**Data for the task:**
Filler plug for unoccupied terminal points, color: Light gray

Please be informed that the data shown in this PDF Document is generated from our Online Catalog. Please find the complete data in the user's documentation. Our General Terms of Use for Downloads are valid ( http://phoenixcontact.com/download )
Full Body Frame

==

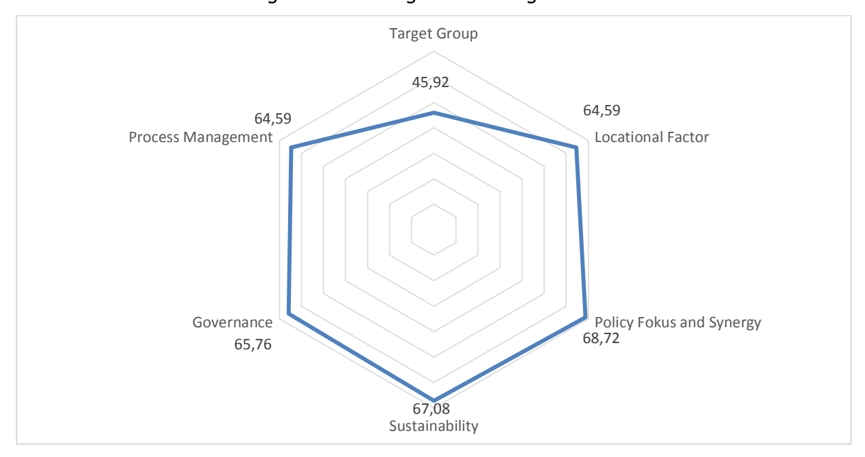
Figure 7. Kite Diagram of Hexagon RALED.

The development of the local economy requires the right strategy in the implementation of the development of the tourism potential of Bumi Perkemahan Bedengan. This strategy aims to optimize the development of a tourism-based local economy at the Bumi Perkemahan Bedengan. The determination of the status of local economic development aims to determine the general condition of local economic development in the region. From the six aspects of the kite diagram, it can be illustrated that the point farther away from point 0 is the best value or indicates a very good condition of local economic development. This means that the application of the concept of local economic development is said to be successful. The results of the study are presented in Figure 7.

---

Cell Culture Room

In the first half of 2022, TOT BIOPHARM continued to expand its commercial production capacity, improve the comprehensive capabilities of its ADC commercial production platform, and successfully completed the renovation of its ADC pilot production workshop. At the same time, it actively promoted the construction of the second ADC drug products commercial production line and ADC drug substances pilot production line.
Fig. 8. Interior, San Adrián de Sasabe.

**What is being asked:** Your answer should consist of the lines from the line with "Please be informed" to the line with "Full Body Frame" above, repeated exactly, both ends included.

**Response below:**
Please be informed that the data shown in this PDF Document is generated from our Online Catalog. Please find the complete data in the user's documentation. Our General Terms of Use for Downloads are valid ( http://phoenixcontact.com/download )
Full Body Frame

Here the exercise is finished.